10 Workouts That Improve Your Conditioning And Stamina

Work on your engine!

One From Sara Sigmundsdóttir

8 rounds of :

  • 20 KB Squats
  • 30 Air squats
  • 400m run
  • Rest 1 min

Do the Kettlebell squats like Sara is doing in the video, by putting them in the belt and lower the kettlebells between boxes as you squat. You don’t need to as heavy as she does.

Bootcamp Conditioning Workout From Steinar

1-2-3-4-5-6-7-8-9-10

  • Front Squat
  • Push Press
  • Thruster
  • Sit Ups
  • Push Ups
  • Back Extension
  • Wall Balls
  • Burpee Over Bar

Time cap 15 minutes, if you finish 10 reps of everything before the time cap, you can keep going with 11 until you give up.

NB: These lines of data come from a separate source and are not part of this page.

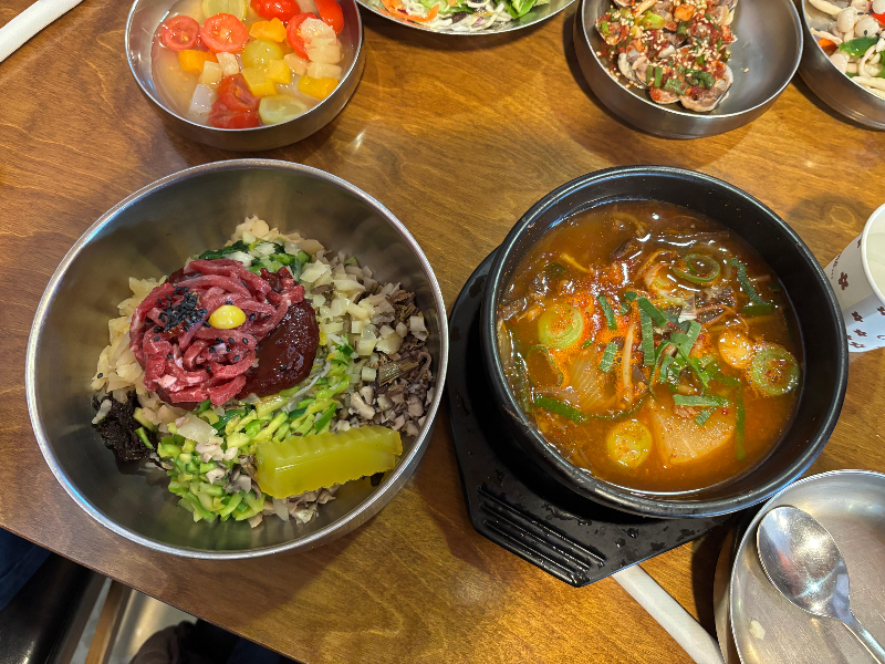 육회비빔밥과 갈비탕에는 도라지무침, 깍두기, 꼬막무침 등 다양한 기본 찬이 나와서 정말 푸짐하게 즐길 수 있었습니다.
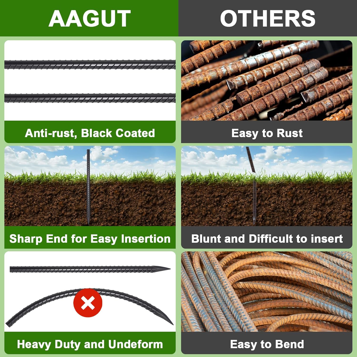 AAGUT Rebar Stakes 16 inch (34pcs) Heavy Duty 3/8” Ground Anchors Steel Garden Stakes Metal Straight Camping Tent Spikes with Chisel Point End for Hard Soil, Black Powder Coated
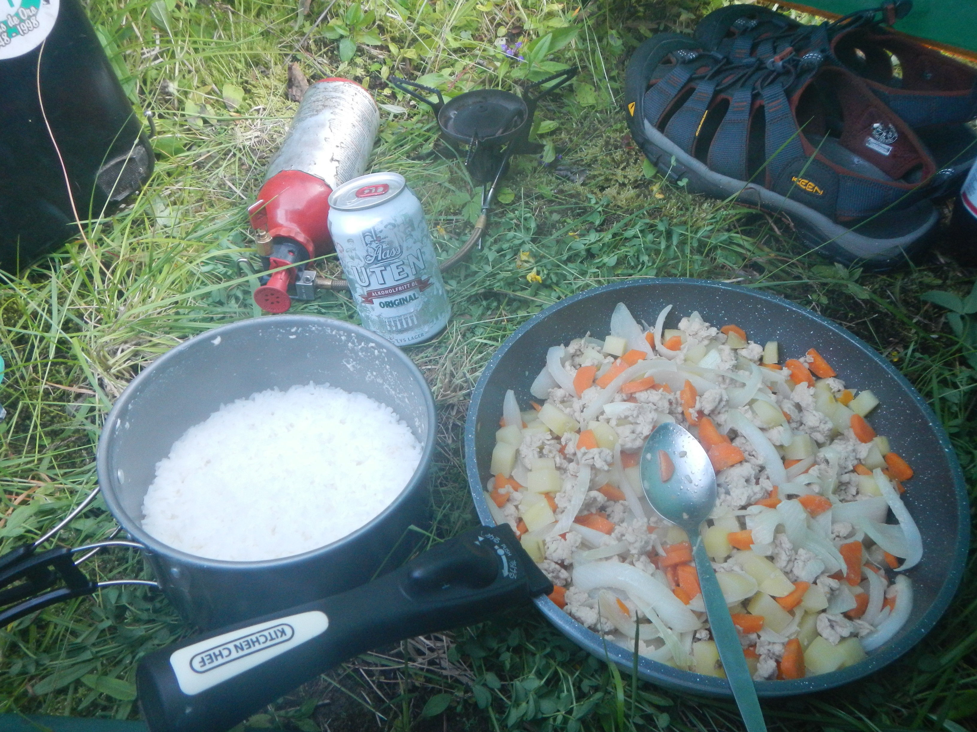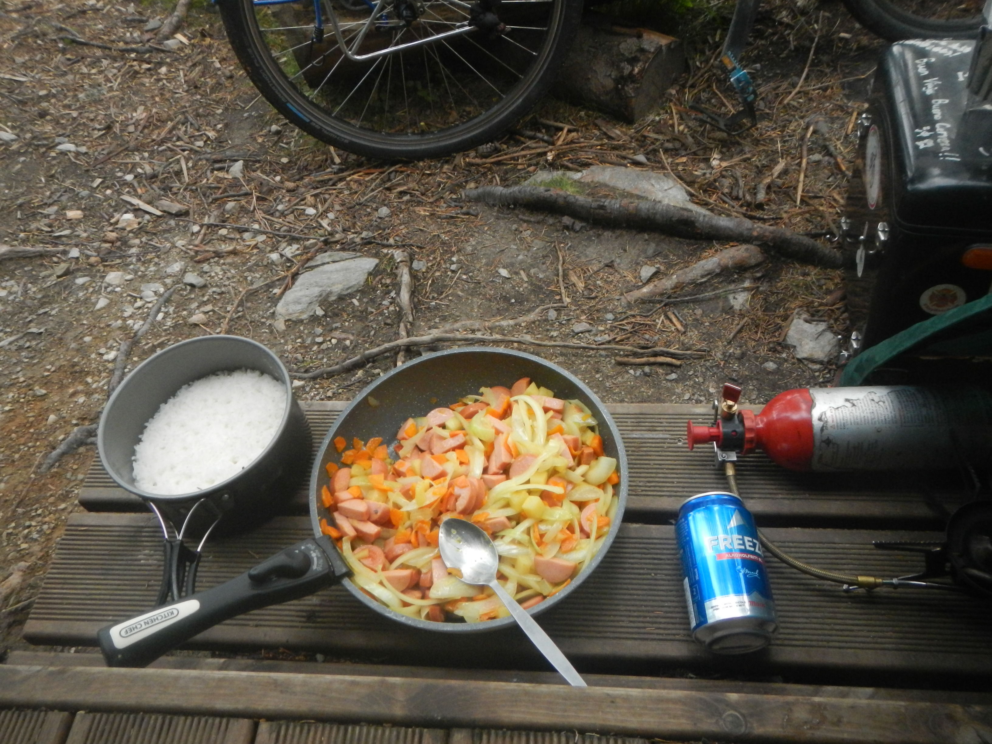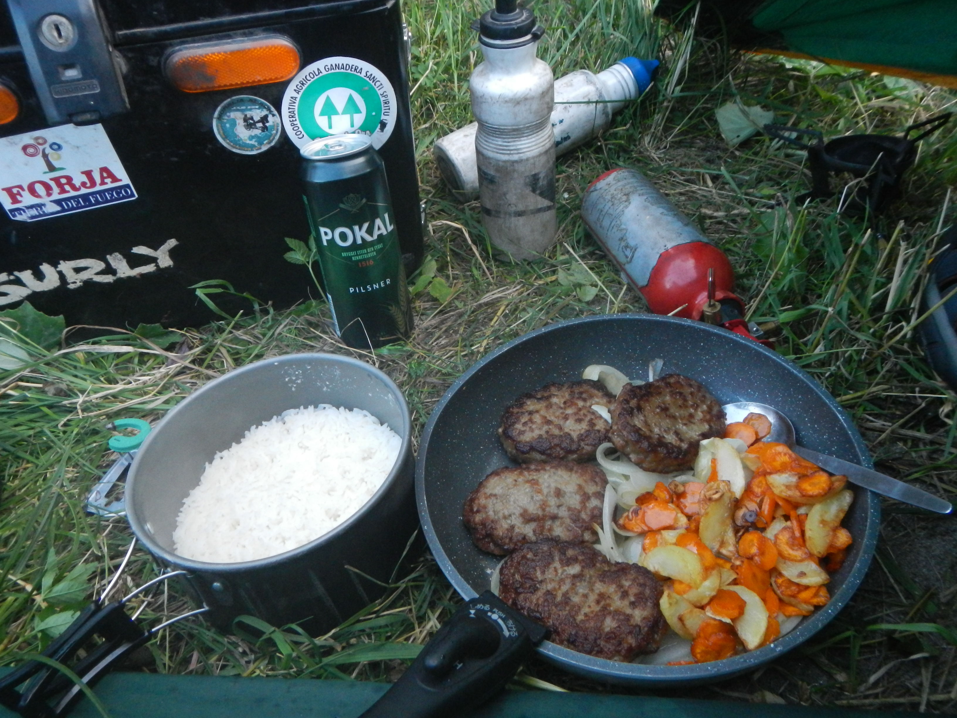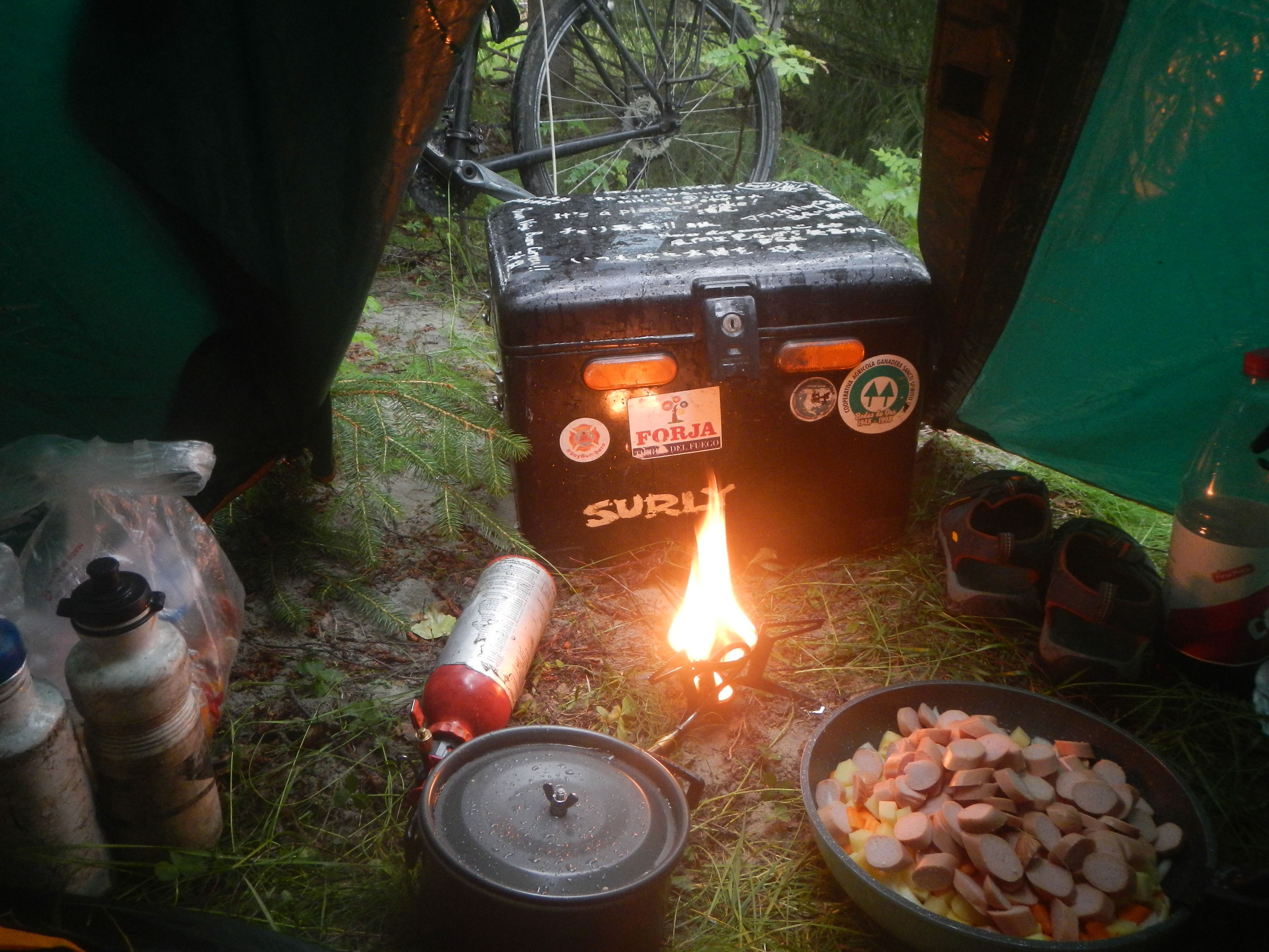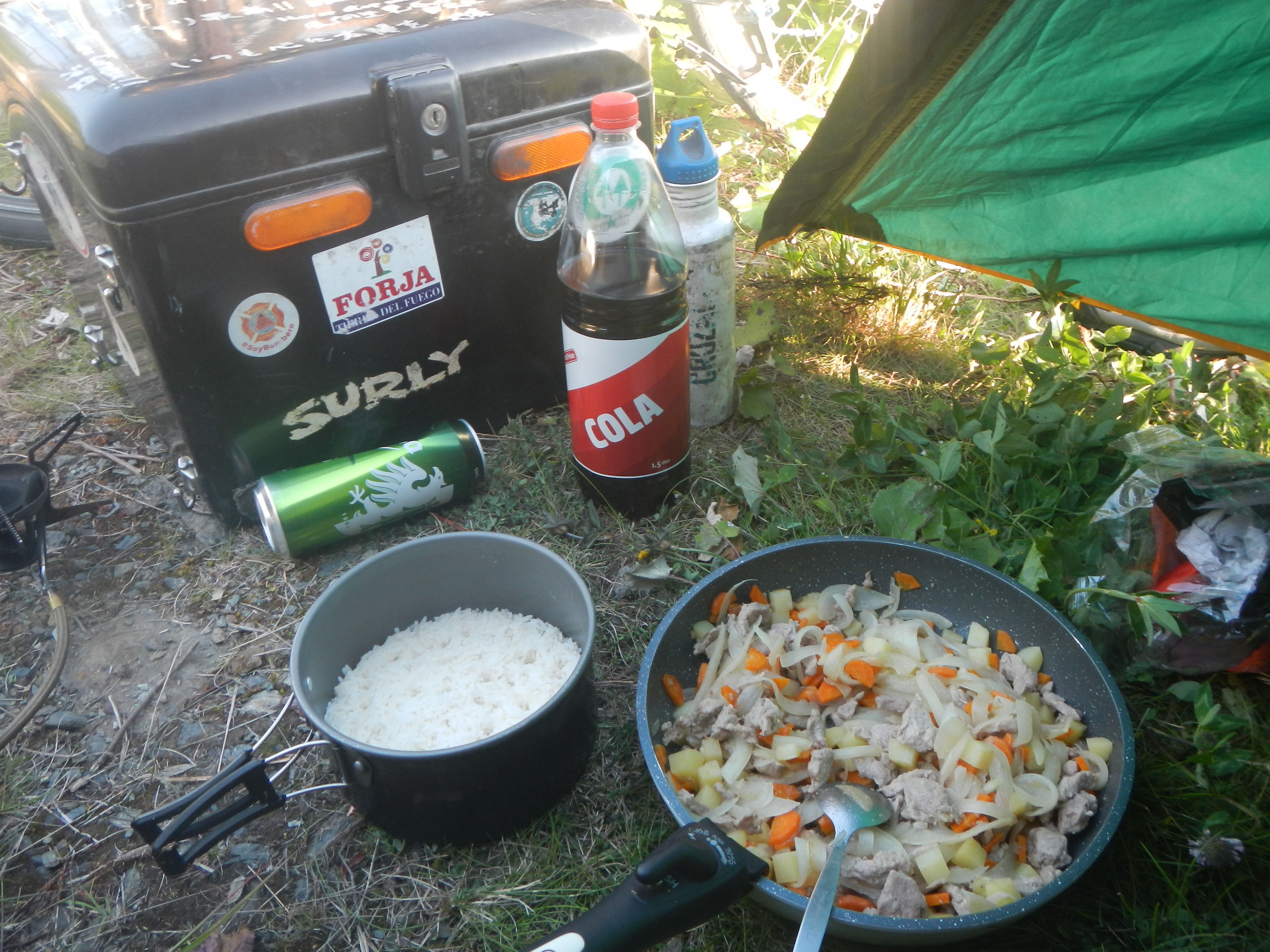 泣く泣くボトルだけ携行して麓の町まで自転車走らせ、今度こそガソリン購入して戻ってくるまでに約1時間半。早めに休むとかそういう目論見が全て潰えた瞬間である。
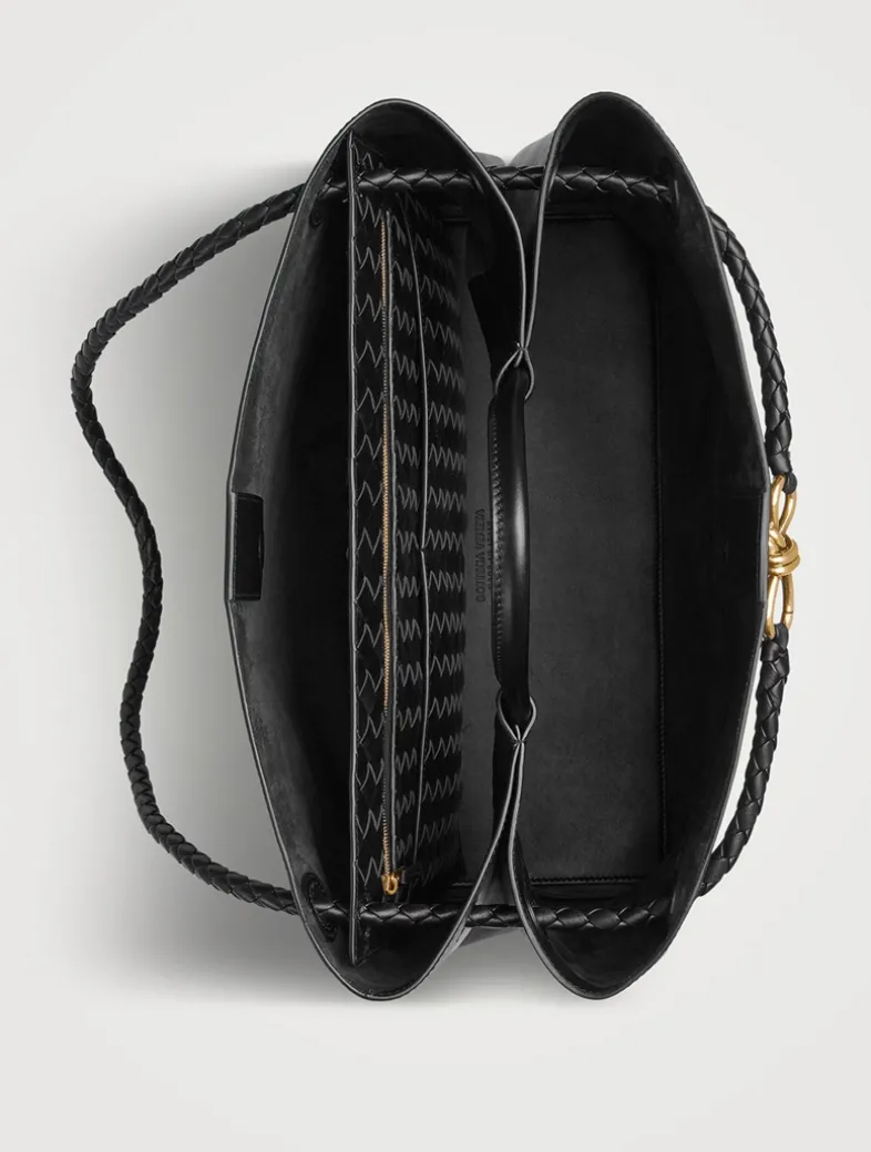 This top handle bag with a boxy silhouette is meticulously crafted from silky leather featuring an Intrecciato leather internal pocket and a sliding crossbody strap. Bottega’s signature knotted metal hardware completes the look.
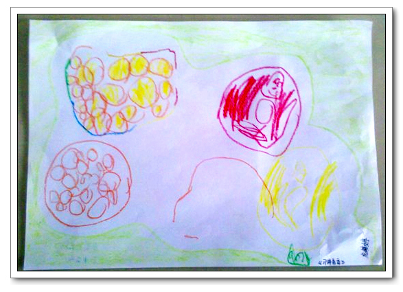 婆婆买了各种各样的水果一堆,宝宝特别喜欢的还是月饼。这是我从老师的相册里down下来的宝宝画得月饼,品种很多,据说有橙子月饼、苹果月饼、鸡蛋月饼、草莓月饼,下面那个小小的绿色的,是绿茶月饼。
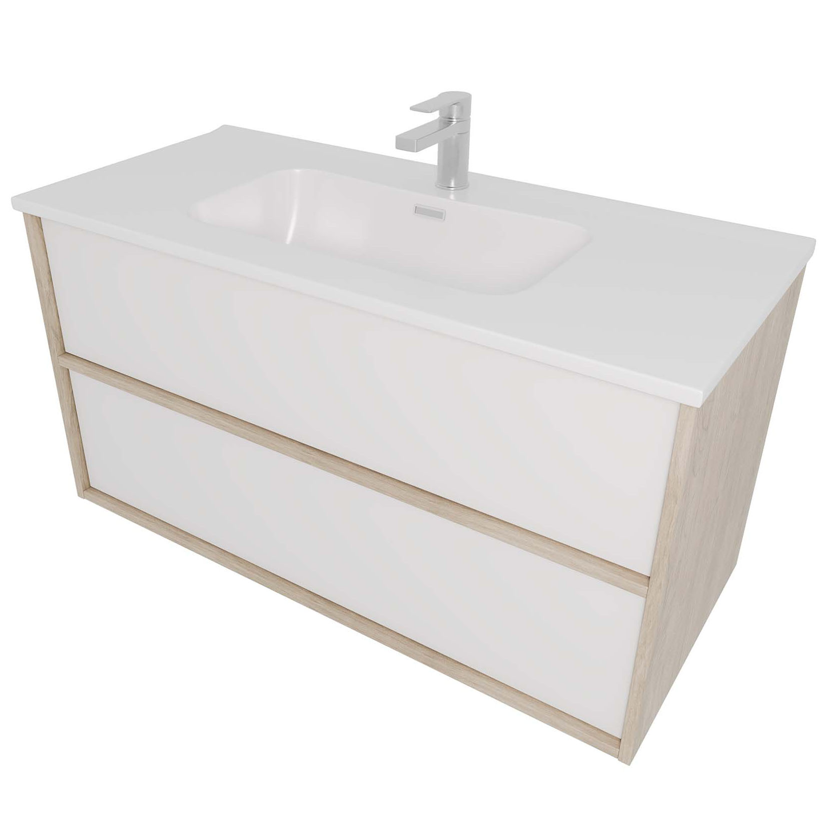 Тумба с раковиной Акватек Либра 100 см дерево/ белый матовый AQ66100-DO-MW
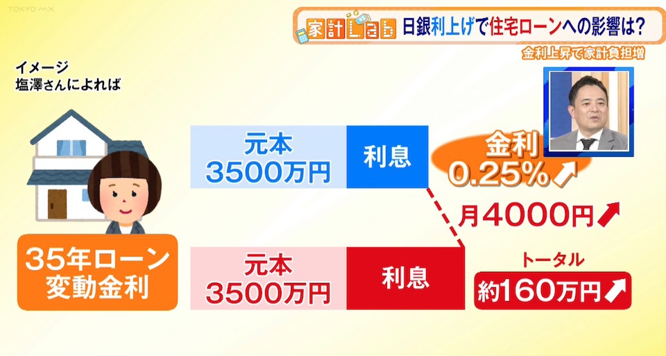 果たして今回の金利上昇が家計にどの程度影響があるのか。専門家の塩澤さんに話を伺いました。まず塩澤さんは住宅ローン平均額3,500万円を35年ローンの変動金利で借り入れている場合の返済額の変化に言及。金利が0.25%上昇することにより1ヵ月の返済額は約4,000円アップし、35年間トータルでは約160万円増えると試算します。
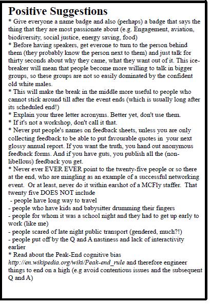 Nigel Rose, who sits on the Stakeholder Steering Group (and MCFly notes with precisely zero surprise that the promised answers to questions have not arrived), gave a presentation on the Manchester Climate Change Action Plan. He pointed out that the second goal of said plan – “culture change” and “carbon literacy” – will not be reached by top-down presentations. That effect was somewhat spoilt by the fact that he gave… a top-down presentation, replete with slides full of text and whizzed-past graphs. The twenty-five minute slot (cut short by technological failure – cheap allegory, anyone?) COULD have been – if negotiated with the organisers – 10 mins of talk and a handout that linked to publicity material, followed by time for small group discussion and q and a. This would rely on the existence of publicity materials, naturally.
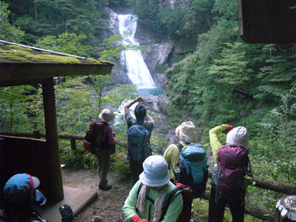 無事大杉谷を通過し終えました、堂倉滝をバックに記念撮影です |
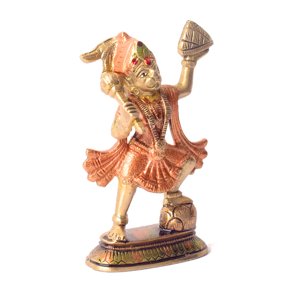 Colored Brass Hanuman Idol | Sanjivani Hanuman Idol | Brass Hanuman Idol for Home Temple | Premium Brass Idols for Sale | Handmade Brass Hanuman Idol | Antique Finish Standing Hanuman Statue | Exclusive Brass Idol | Brass Idol |Β
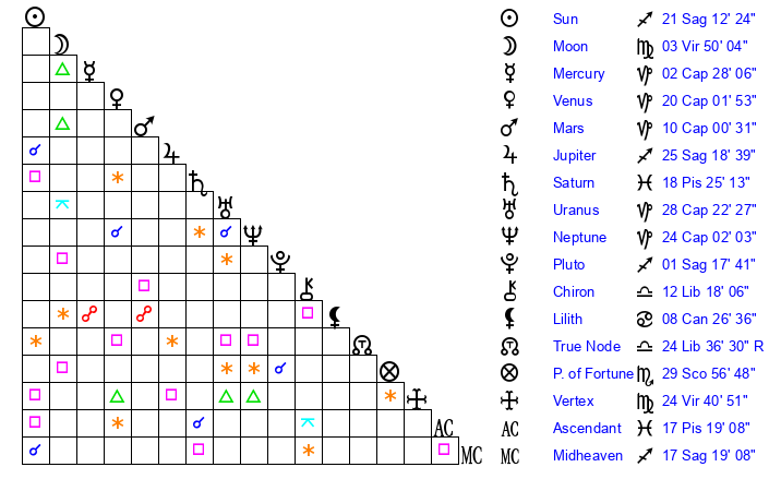 | Sun | 21 Sagittarius 12 | 22 Sagittarius 11 | 20 Capricorn 45 |

It is 55 reps of each exercise, in order to finish you need to go really fast. The first rounds will go by fast, while there are few reps but this workout gets harder the further you get. This is a conditional workout so the weight for the first three movement should be rather light. Try to go through them as a complex, meaning that you won’t put the bar down in between.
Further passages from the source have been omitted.